Nie jestem zwolennikiem familijnych produkcji hybrydowych. Nie wiem, co jest z tym Hollywood, ale wszystkie one wychodzą im na jedno kopyto. To już nie jest nawet złe czy irytująca, ale zwyczajnie, po ludzku nudne. W "Smerfach" urozmaiceniem jest Neil Patrick Harris (z tą jego twarzyczką-spaniela), Hank Azaria (który nawet zdubbingowany robi wrażenie), piękna Sofia Vergara i cała plejada prowadzących różne reality showy z Timem Gunnem na czele. Jest też parę zabawnych momentów. Do tego 3D w końcu zrobiono z myślą o zabawie a nie tylko "głębi".

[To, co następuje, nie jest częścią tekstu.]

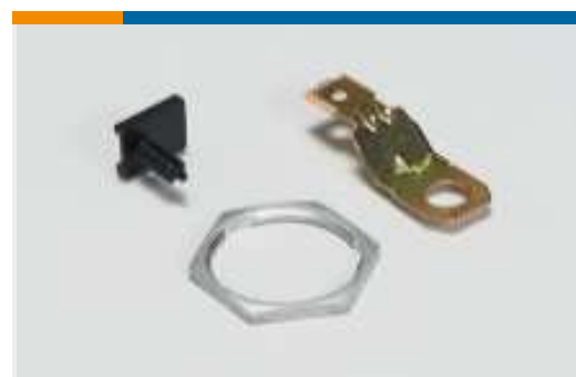
Weiteres Zubehör für Automobilsteckverbinder(1)

Niestety tym razem polski dubbing nie maskuje słabych stron oryginału, jak to już się kilka razy zdarzało. Jerzy Stuhr to kompletnie nietrafiony wybór. Do kreacji Azarii lepiej pasowałby Wojciech Paszkowski w wersji dundersztycowej z "Fineasza i Ferba". Małgorzata Socha jako Smerfetka też się spisuje bardzo średnio.

Ocena: 5

Komentarze

Chętnie czytane

Whiplash (2014)

The Revenant (2015)

En kort en lang (2001)

Dheepan (2015)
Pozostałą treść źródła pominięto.